Latest public advisory from the National Hurricane Center:
At 1:00 pm CDT, the center of Tropical Storm Barry was located near latitude 28.4 North, longitude 90.6 West. Barry is moving toward the west-northwest near 5 MPH. A motion toward the northwest is expected to begin later today, followed by a turn toward the north Saturday night. On the forecast track, the center of Barry will approach the central or southeastern coast of Louisiana through tonight and then make landfall over the central Louisiana coast on Saturday. After landfall, Barry is expected to move generally northward through the Mississippi Valley through Sunday.
Reports from an Air Force Reserve Hurricane Hunter aircraft indicate that maximum sustained winds are near 65 MPH with higher gusts. Strengthening is forecast before landfall, and Barry is expected to be a hurricane when the center reaches the Louisiana coast. Weakening is expected after Barry moves inland.
Tropical-storm-force winds extend outward up to 175 miles from the center. The NOAA automated station at the Southwest Pass of the Mississippi River recently reported sustained winds of 55 MPH and a wind gust of 66 MPH at an elevation of 125 feet. An oil rig located southwest of the mouth of the Mississippi River recently reported sustained winds of 76 MPH and a wind gust of 87 MPH at an elevation of 295 feet.
The minimum central pressure just reported by the Hurricane Hunter aircraft is 993 MB or 29.32 inches.
CURRENT WATCHES, WARNINGS, & ADVISORIES
A Hurricane Warning is in effect for Intracoastal City to Grand Isle.

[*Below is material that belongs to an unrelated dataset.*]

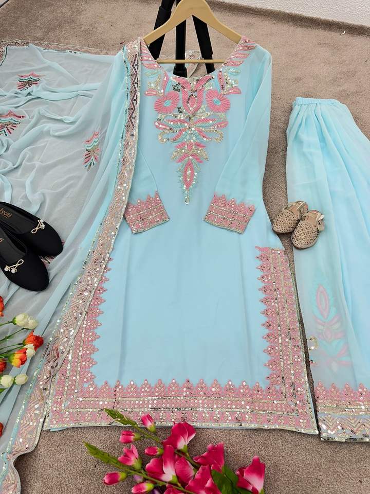 Característica:Juego recto Kurta Sharara & Dupatta

A Tropical Storm Warning is in effect for the mouth of the Pearl River to Grand Isle, Lake Pontchartrain and Lake Maurepas (including metropolitan New Orleans), and Intracoastal City to Cameron.
A Storm Surge Warning is in effect for Intracoastal City to Biloxi and Lake Pontchartrain.
A Storm Surge Watch is in effect from Biloxi to the Mississippi/Alabama border.
A Hurricane Watch is in effect from the mouth of the Mississippi River to Grand Isle, and Intracoastal City to Cameron.
A Tropical Storm Watch is in effect from east of the Mouth of the Pearl River to the Mississippi/Alabama border.
KEY MESSAGES FOR BARRY
1. There is a danger of life-threatening storm surge inundation along the coast of southern and southeastern Louisiana, portions of Lake Pontchartrain, and portions of coastal Mississippi where a Storm Surge Warning is in effect. Water levels are already beginning to rise in these areas, with the peak inundation expected on Saturday. The highest storm surge inundation is expected between Intracoastal City and Shell Beach. Here are some forecast storm surge totals:
Mouth of the Atchafalaya River to Shell Beach: 3 to 6 feet
Shell Beach to Biloxi MS: 3 to 5 feet
Intracoastal City to the Mouth of the Atchafalaya River: 3 to 5 feet
Lake Pontchartrain: 3 to 5 feet
Biloxi MS to the Mississippi/Alabama border: 2 to 4 feet
Lake Maurepas: 1 to 3 feet
2. The slow movement of Barry will result in a long duration heavy rainfall and flood threat along the central Gulf Coast, across portions of the Lower Mississippi Valley and north into the Tennessee Valley through the weekend into early next week. Flash flooding and river flooding will become increasingly likely, some of which may be life-threatening, especially across portions of southeast Louisiana into Mississippi.
Barry is expected to produce total rain accumulations of 10 to 20 inches over south-central and southeast Louisiana along with southwest Mississippi, with isolated maximum amounts of 25 inches. Over the remainder of the Lower Mississippi Valley, total rain accumulations of 4 to 8 inches are expected, with isolated maximum amounts of 12 inches.
3. Hurricane conditions are expected along a portion of the coast of Louisiana, where a Hurricane Warning is in effect. Tropical storm conditions are expected elsewhere along much of the Louisiana coast and inland across portions of south-central Louisiana where tropical storm warnings are in effect.